OSLER Shows Cholesterol-Lowering Evolocumab Improves Cardiovascular Outcomes

March 15, 2015—Patients taking evolocumab—an investigational therapy previously shown to dramatically lower low-density lipoprotein cholesterol (LDL-C)—were half as likely to die, experience a heart attack or stroke, be hospitalized, or need a procedure to open blocked arteries compared with those who received standard care, according to findings from the OSLER-1 and OSLER-2 studies presented at the American College of Cardiology’s 64th annual scientific session in San Diego, California.

The findings from the OSLER open-label studies of long-term evaluation against LDL-C were simultaneously published online in The New England Journal of Medicine.

Marc Sabatine, MD, is the lead investigator of the OSLER-1 and OSLER-2 studies, which are funded by Amgen, the manufacturer of the investigational drug evolocumab (AMG 145), a monoclonal antibody to proprotein convertase subtilisin-kexin type 9 (PCSK9). Previous trials have shown evolocumab can substantially lower LDL-C by 61%, according to the ACC announcement.

In OSLER, the rate of cardiovascular events was 2.18% after 1 year in the standard-of-care group, most of whom were on moderate- or high-intensity statin therapy. In contrast, patients treated with evolocumab had a 0.95% event rate after 1 year.

In the ACC press release, Dr. Sabatine commented, “The reduction in LDL was profound and that may be why we saw a marked reduction in cardiovascular events so quickly. It suggests that if we can drive a patient’s LDL cholesterol down a large amount to a very low level, we may start to see a benefit sooner than would be expected with a more modest intervention.” Dr. Sabatine is Chairman of the TIMI Study Group and a senior physician in the Division of Cardiovascular Medicine at Brigham and Women’s Hospital in Boston, Massachusetts.

At the start of OSLER, the average LDL-C was 120 mg/dL, which is similar to the average level among Americans. Patients receiving evolocumab were able to achieve an absolute reduction of more than 70 mg/dL, reaching 48 mg/dL on average. Dr. Sabatine said this achieved level of LDL cholesterol is much lower than that achieved in the treatment arm of most other trials.
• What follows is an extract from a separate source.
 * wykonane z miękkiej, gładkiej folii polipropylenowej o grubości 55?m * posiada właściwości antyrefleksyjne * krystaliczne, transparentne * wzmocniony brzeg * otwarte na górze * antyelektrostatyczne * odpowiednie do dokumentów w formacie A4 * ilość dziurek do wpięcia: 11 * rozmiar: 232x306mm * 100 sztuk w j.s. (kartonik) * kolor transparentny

The OSLER investigators studied a total of 4,465 patients who, upon completing one of 12 phase II or III trials that evaluated the drug’s ability to lower LDL-C, subsequently enrolled in this 1-year extension study to investigate the therapy’s effect on long-term safety, LDL-lowering, and cardiovascular outcomes. Patients were re-randomized 2:1 to receive evolocumab injected under the skin either every 2 or 4 weeks plus standard care, or standard care alone, which consisted of the lipid-lowering therapy recommended by the patient’s treating physician, usually moderate- or high-intensity statin therapy. A central committee that was blinded to the treatment groups then reviewed the data and reported the number of deaths, major coronary events, heart attack, stroke, unstable angina requiring hospitalization, and coronary revascularization.

The investigators found that the 53% reduction in cardiovascular events in the evolocumab group was consistent across each of the major cardiovascular events included in the composite endpoint—death, heart attack, stroke, hospitalization, and angioplasty—and among patient subgroups; no differences were found based on age, baseline LDL levels, statin use, primary or secondary prevention, or whether they had valve disease. Adverse events were largely balanced between the 2-week and 4-week treatment arms and evolocumab was well tolerated.
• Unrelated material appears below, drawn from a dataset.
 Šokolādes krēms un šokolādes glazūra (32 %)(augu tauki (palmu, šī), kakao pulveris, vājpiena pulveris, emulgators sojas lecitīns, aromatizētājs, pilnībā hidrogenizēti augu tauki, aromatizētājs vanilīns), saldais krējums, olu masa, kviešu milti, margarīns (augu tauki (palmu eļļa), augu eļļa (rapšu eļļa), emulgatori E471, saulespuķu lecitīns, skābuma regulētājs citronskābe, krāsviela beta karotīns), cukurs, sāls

As noted in the ACC summary, the results are limited by the nature of the trial, in which there were relatively few cardiovascular outcomes (a total of 60). There is an ongoing, highly anticipated trial of 27,500 patients to investigate evolocumab’s effect on cardiovascular outcomes; however, data are not expected until 2017. Dr. Sabatine explained that between now and then there will be a 2-year gap in data at a time when this drug may be available for clinical use pending review by the US Food and Drug Administration later this year.

Dr. Sabatine stated in the ACC press release, “We won’t have any definitive answers until this larger trial we are doing is complete, but these data now give us a sense for the potential clinical benefit of these drugs. We know from previous research that evolocumab lowers LDL cholesterol, but these data offer support for their potential to reduce major adverse cardiovascular events in our patients.” Additionally, he said that he drug makes sense biologically. “Patients who genetically have lower levels of PCSK9 activity also have a lower rate of adverse cardiovascular outcomes. Now in our analyses, we see this PCSK9 inhibitor appears to reduce adverse cardiovascular outcomes,” concluded Dr. Sabatine.